**** Records provided
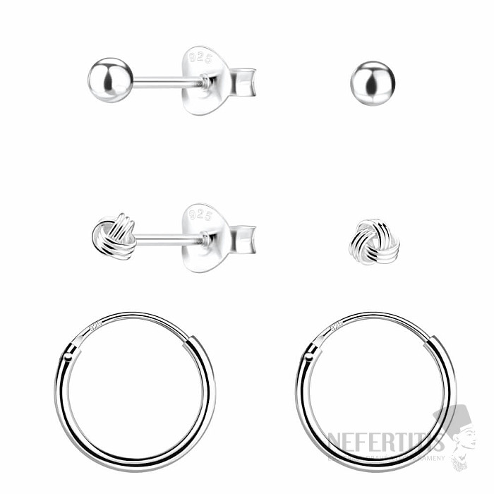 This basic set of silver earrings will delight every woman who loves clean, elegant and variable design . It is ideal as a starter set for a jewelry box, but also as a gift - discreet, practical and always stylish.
********
**** Records provided
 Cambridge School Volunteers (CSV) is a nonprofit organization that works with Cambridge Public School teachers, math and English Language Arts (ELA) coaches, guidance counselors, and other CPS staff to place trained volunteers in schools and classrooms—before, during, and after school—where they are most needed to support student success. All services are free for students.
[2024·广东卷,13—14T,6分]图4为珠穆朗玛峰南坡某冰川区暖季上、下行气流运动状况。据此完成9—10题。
********
Exercise aim:
Your answer should be the exact lines above from the one with "Cambridge School Volunteers" through the one with "[2024·广东卷,13—1", both included, and nothing besides.

Expected answer:
 Cambridge School Volunteers (CSV) is a nonprofit organization that works with Cambridge Public School teachers, math and English Language Arts (ELA) coaches, guidance counselors, and other CPS staff to place trained volunteers in schools and classrooms—before, during, and after school—where they are most needed to support student success. All services are free for students.
[2024·广东卷,13—14T,6分]图4为珠穆朗玛峰南坡某冰川区暖季上、下行气流运动状况。据此完成9—10题。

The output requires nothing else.